[ACTIVITY]: All lines from the one that contains "前身頃には、手仕事で施されたピンタックが並び、繊細さと温かみがあります。" through the close of the entries below are to be repeated exactly, without any pictures.
[MATERIAL TO PROCESS]
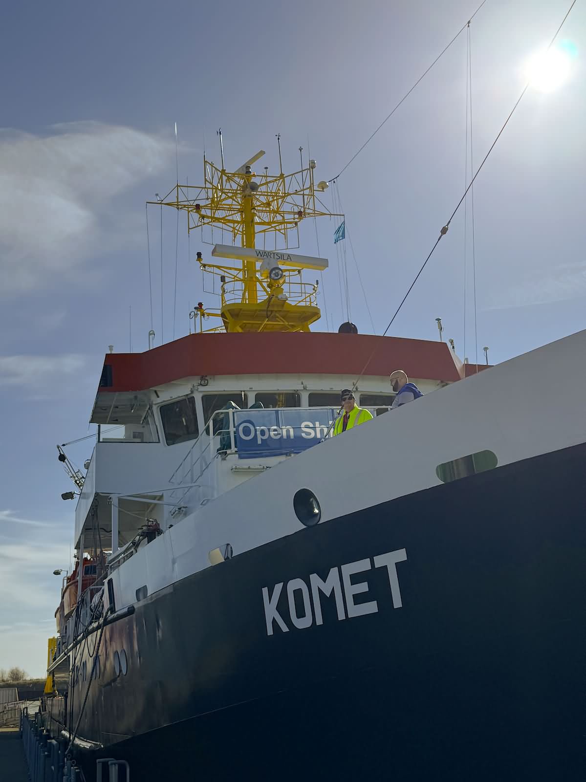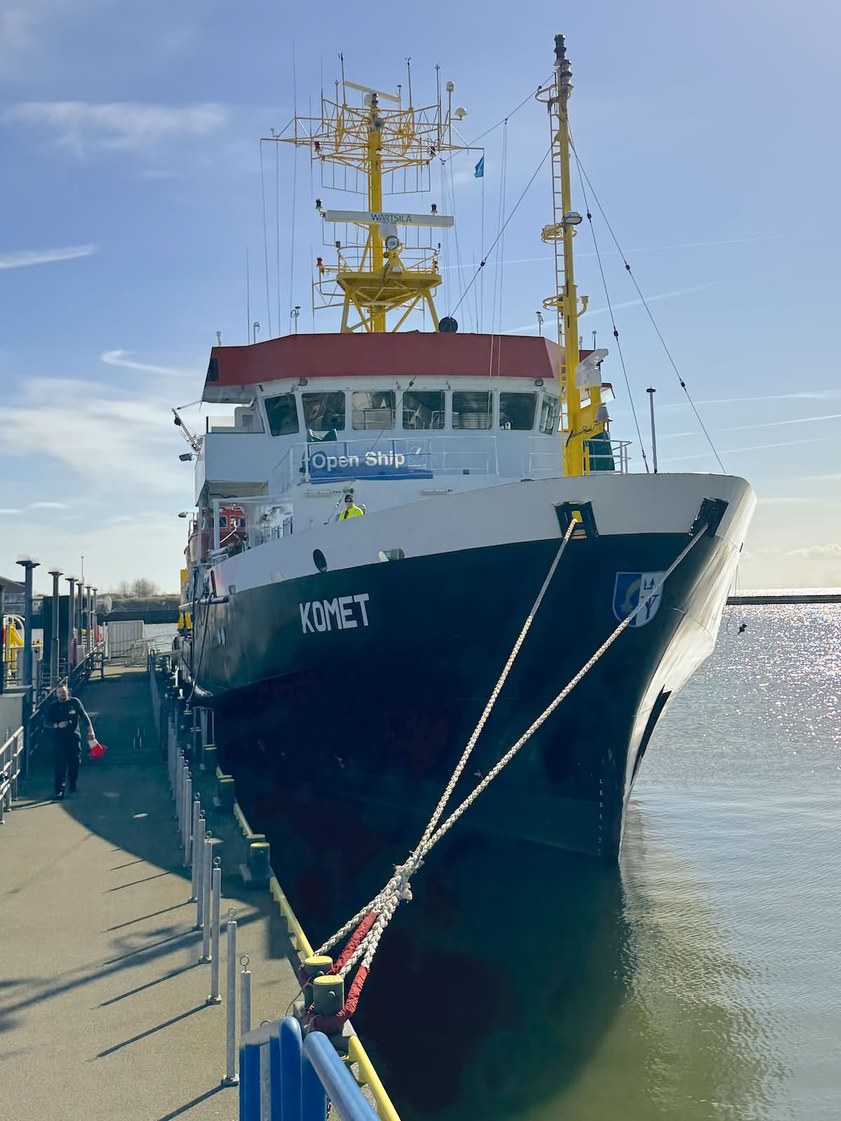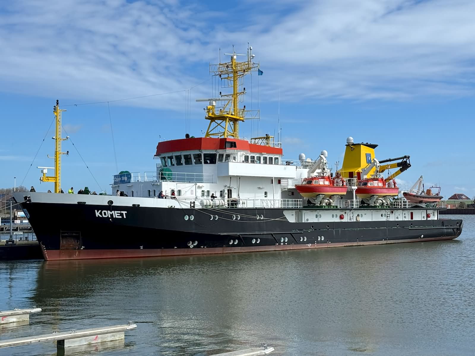 Komet konnte im April 2026 im Borkumer Hafen im Rahmen eines Open Schiffs besichtigt werden. Daneben lag der Seenotrettungskreuzer Hamburg und in der Nähe das Crew Transfer und Service Vessel (CTSV) Windea Three.
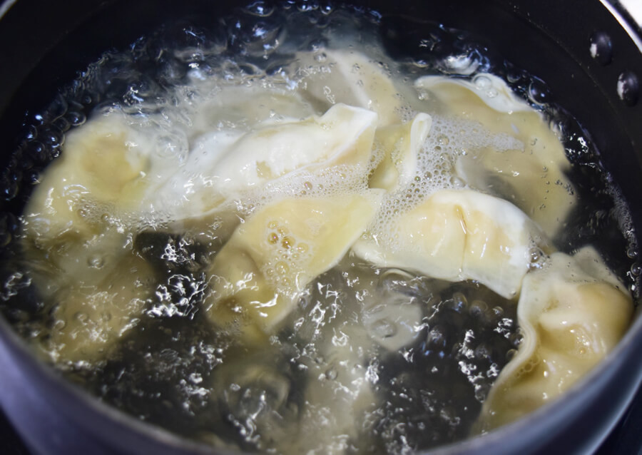 - 沸騰したお湯で冷凍餃子(3個)を4分ゆでる
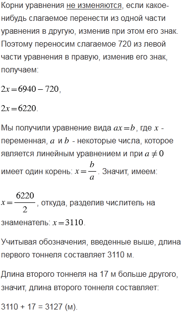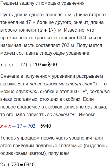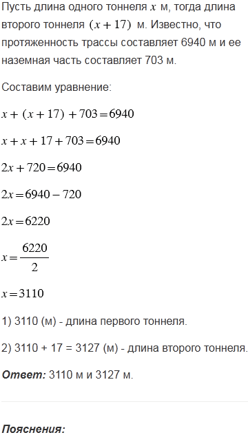 Протяженность автомобильной трассы составляет 6940 м. Большую часть трассы занимают два тоннеля, длина одного из которых на 17 м больше другого. Найдите длину каждого тоннеля, если наземная часть трассы составляет 703 м.
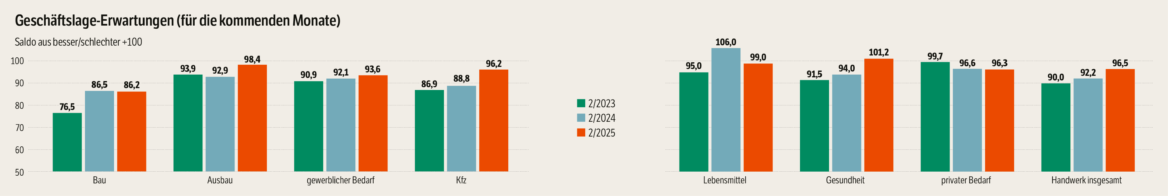 Die Erwartungen der Handwerksunternehmer zur Geschäftsentwicklung deuten nicht auf einen Durchbruch hin. Elf von 100 Betrieben waren Ende Juni optimistisch, 75 Prozent rechneten mit einer Seitwärtsbewegung, 14 Prozent antworteten mit Skepsis. Der aus diesen Daten gewonnene Indexwert von knapp 97 Punkten, der die Erwartungen zusammenfasst, ist etwas höher als die entsprechende Bewertung vor einem Jahr (92).
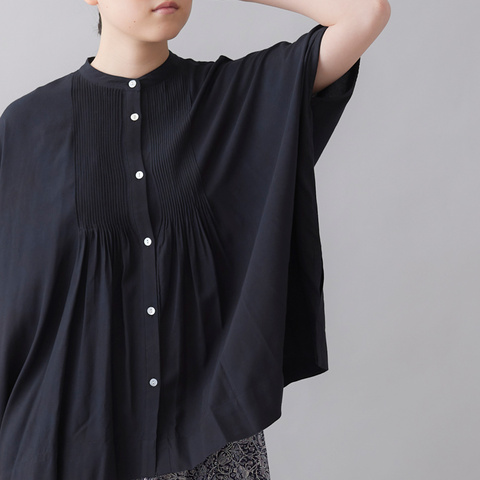 前身頃には、手仕事で施されたピンタックが並び、繊細さと温かみがあります。
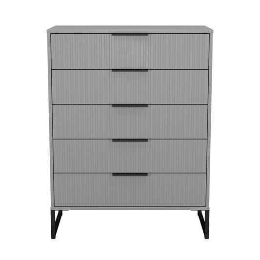 Fluted Tall Chest of Drawers Grey 5 Drawers 109cm
[/MATERIAL TO PROCESS]
[WORKED SOLUTION]:
 前身頃には、手仕事で施されたピンタックが並び、繊細さと温かみがあります。
 Fluted Tall Chest of Drawers Grey 5 Drawers 109cm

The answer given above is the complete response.